Islamic organisation in India

Jamaat-e-Islami Hind (abbreviated as JIH) is an Islamic organisation in India, founded as an offshoot of the Jamaat-e-Islami, which split into separate independent organisations in India, Pakistan, Bangladesh following the Partition of India in 1947.

Islam is the ideology of the Jamaat-e-Islami Hind. Its structure is based on its belief on the three-fold concept of the Oneness and sovereignty of God (Monotheism), the Concept of Prophet-hood and the Concept of Life after Death. From these fundamentals of belief follow the concepts of unity of all mankind, the purposefulness of man's life, and the universality of the way of life taught by Muhammad. JIH specifies its guiding principle as "Iqaamat-e-Deen" ("Establishment of the Islamic way in all aspects of life") in its constitution.

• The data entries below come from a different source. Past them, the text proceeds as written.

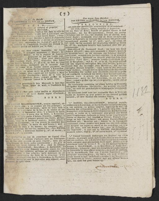 ( 7 ) Van wegen Zyne Majesteit De par Sa Majesté DEN KEITER EN KONING EN DER JUSTITIE. Z'EMPEREUR ET ROI ET LA JUSTICE. VEITER EN KONING EN DER JUS E, ter rolle der gerechtelyke uitwinningen by de rechtbank audience des criées au tribunal de première van eerste instantie, zitting houdende te Rotterdam, lnstance, seant à Rotterdam, van een Huis en Erve, staande en gelegen binnen de stad et Dépendances, située et sise dans la ville de m, Westnieuwland, eenant sud à Christiaan van Rotterdam, aan het Westnieuwland, belend ten zuiden Christiaan van der Loo, ten noorden Sara de Koning, wed. nord Sara de Koning, veuve Gerrit Boeser, s'éten- devant de la rue jusque dertrière à Daniel de Superville Gerrit Boeser, strekkende voor van de straat tot agter aan ohanna Maria Boon, enrégistrée ci-devant au prothocol Daniel de Superville en Johanna Maria Boon; ten prothocolle n° 4516, 4517, maintenant sur le seul n°. 4516 et dé- geregistreerd geweest op n.o 4516. 4517, nu alleen op no. 4516, en ten quohiere der verponding bekend op littera ée au cadastre de l'imposition foncière par section D D, n.o 82, wordende hetzelve huis bewoond door den ge- 82, laquelle maison est habitée par 'le faisi. arresteerden. Gearresteerd als Onroerend Goed, ten laste van Carel Dont faisie a été faite comme immeuble, sur Carel uard Michaeli, te nommant maintenant C. Blondel, de- Eduard Michaëlt, thans zich noemende C. Biendel, wonende brant en ladite maison, et sur la requête de Johannes in herzelfde huis, en ten verzoeke van Johannes Roedolf, particulier, wonende in de Jan van Loons laan, in de gemeente dolff, particulier, demeurant au Jan van Loons, laan van Rotterdam, hebbende tot deszelfs praktizyn Sebastiaan La commune de Rotterdam, ayant pour practicier iaan Theodorus Voorn Boers, demeurant dans ladite Theodorus Voorn Baers, wonende binnen voornoemde stad, aan de Hoogstraat, wyk K, n.o 26 en 28, by procesverbaal rue Haute, section K, n.o 26 et 28, en date du ving van den negen-en-twintigsten Mey 1800 derrien, geëntegi- Mai 1800 treize, enrégistré par le receveur Poan streerd door den ontvanger Poan Marlemont, den een-en- riemant le trente et un suivant contre payement des dertigsten daaraan volgende, tegen betaling der verschul- pranscrit au bureau des hypotheques à Rotterdam digde rechten, overgeschreven op het bureau der hypotheken mier Juin du même an et au greffe dudit tribunal te Rotterdam den eersten Juny deszelfden jaars en ter griffie Juin suivant, dont copies ont été laissées à Mon en Carolus Jacobus Blankenheim, maire de la ville de van voormelde rechtbank den derden Juny daaraan volgende Monsieur Brons, commis greffier de la tterdam et stice de paix, deuxième canton de la même ville. adjudication provisoire se fera Mercredi le huit Sep- derzelfde stad. tembre 1800 treize, heure de midi, à l'audience des des dudit tribunal. Le faisissant a offert pour ladite maison et dépendances rechtbank. l'amise à prix à un mille florins argent d'hollande, deux mille cent francs. waarvan copie is gelaten aan Mynheer Carolus Jacobus Blankenheim, maire der stad Rotterdam, en aan den Heer Brons, commis-griffier van het vrede-gerecht, tweede canton De voorloopige toewyzing zal plaats hebben op Woensdag den agtsten September 1800 dertien, des middags ten twaalf uren, ter rolle der gerechtelyke uitwinningen by voornoemde De executant heeft voor het voormelde Huis en Erve ge- boden en hetzelve op prys gesteld tot een duizend guldens hollands, of twee duizend een honderd francs. BOERS. BOERS. DANIEL ELLINCKHUYSEN, keizerlyk notaris, DANIEL ELLINCKHUYSEN, notaire impérial, ré- lant à Rotterdam, à ce commis par son principal, se l'residerende te Rotterdan, als last hebbende van zyn principaal. propose de mettre aux enchères, après en avoir faite la is van meening, na gedane aangifte, ingevolge de wet, op Maandag den 13 September 1813,'s morgens ten 9 uren, in de declaration en conformité de la loi, et de vendre en pu blic, Lundi le 13 Septembre 1813, à 9 heures du matin, Raampoort, even buiten de Delftschepoort der stad Rotterdam, publyk te veilen en te verkoopen: eene groote zeer fraaye an Raampoort, hors la porte dite de Delft, à Rotterdam party Vrugtboomen, bestaande in fraaye hooge vrugtdragende une grande et belle partie d'Arbres Fruitiers, consistant en Peeren en Appelen, Lei Appelën en Peeren, Pruimen enz., oiriers, pommiers et pruniers portant tous fruits, pêchers hooge en lage Lei-Persikken, ook groote Paauwenstaarten- notiers, tous de la meilleure espèce; lesdits arbres se Persikken enz., Morellen enz.; staande in de Raampoort ouvent au Raampoort, où l'on pourra les examiner deux mors avant la vente, le matin de neuf heures à midi et voornoemd, alwaar dezelve twee dagen voor den verkoopdag,- apres midi de trois à six heures; les amateurs, qui le des morgens van negen tot twaalf en des namiddags van drie tot zes uren, ook van stonden aan, voor de liefhebbers, défirent, pourront les voir dés aujourd'hui, chez PiETER des begerende, te zien zyn by PIETER VERWAAYEN, VERWAAYEN, y demeurant section Q, n.o 26 ancien, e wonende aldaar, wyk Q, no. 26 oud en wyk R, n.o 13 nieuw. fection R, n.o 13 nouveau. * Iemand kunnende aanbrengen een Rapitaal van circa- * Quelqu'un en état de contribuer un Capital d'en- ƒ 35,000, en genegen zynde zich te associëren in eene Fahryk, viron ƒ 35000, et désirant s'associer avec un Fabriquant qui de sou côté possède un petit Capital, mais qui au met een persoon, die ook een klein Kapitaaltje kan fourneren, doch overigens geen genoegzaam fonds heeft, gelieve zich te esté, manque de fonds assez considérables, est prié de adresser par lettre suscrite P. N., chez le libraire-ladresseren onder de letters P.N., by den kantoor-boekver- kooper I. ELLERMAN, in de Beurssteeg, te Amsterdam. apetier I. ELLERMAN, Beurssteeg, à Amsterdam. La De persoon, in kwestie, heeft alle mooglyke en noodige kunde ertonne qui fait cette demande possède toutes le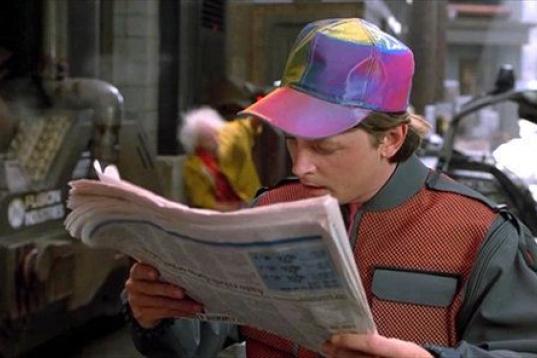Se supone que en 2015 íbamos a tener gorras, y ropa en general, psicodélica y estrambótica. La gorra con la que Marty llega a 2015, o sea, hoy, también tiene una réplica a la venta en Amazon.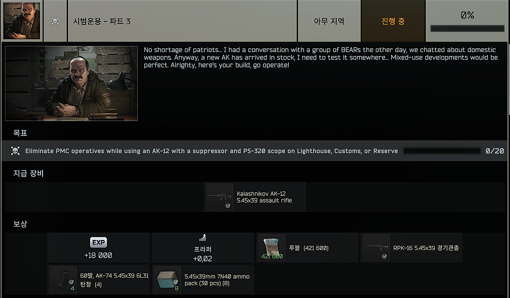 - 등대(Lighthouse), 세관(Customs), 리저브(Reserve)에서 소음기와 Valday PS-320 1/6x 조준경을 장착한 AK-12로 PMC 20명을 사살하세요.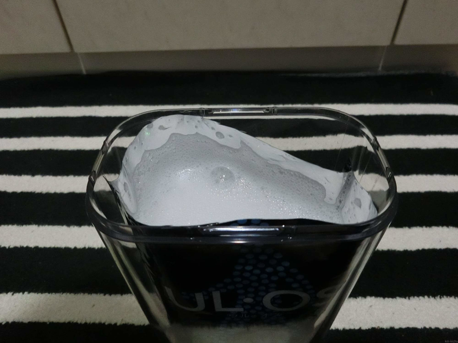 程よく切るとこんな感じの液面になります。余裕もあって少し動かしたぐらいでは零れなさそうです。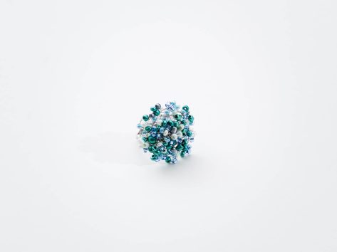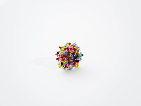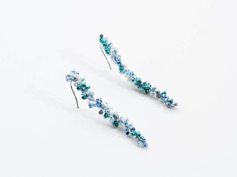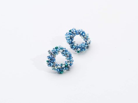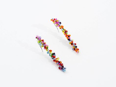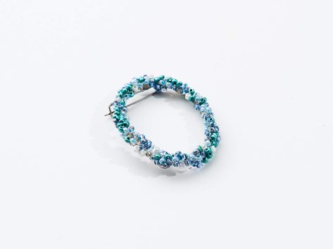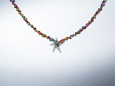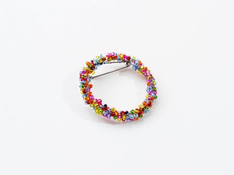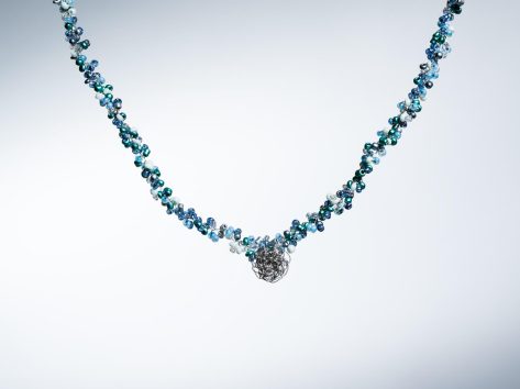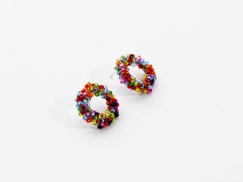 Diminutos cristales de colores tejidos con acero inoxidable. Alegre, luminosa, favorecedora.

Its guiding principle is that Islam is a complete way of life (rather than simply a set of worship practices). It provides "a practical doctrine and programme that can take the place of the failed man-made creeds of the 20th century".

While a relatively small party, with around 12,000 members and 500,000 sympathisers among India's 130 million Muslims,
it follows a policy of promoting education, social service, and ecumenical outreach to the community and has involved itself in various humanitarian and relief efforts across many parts of India.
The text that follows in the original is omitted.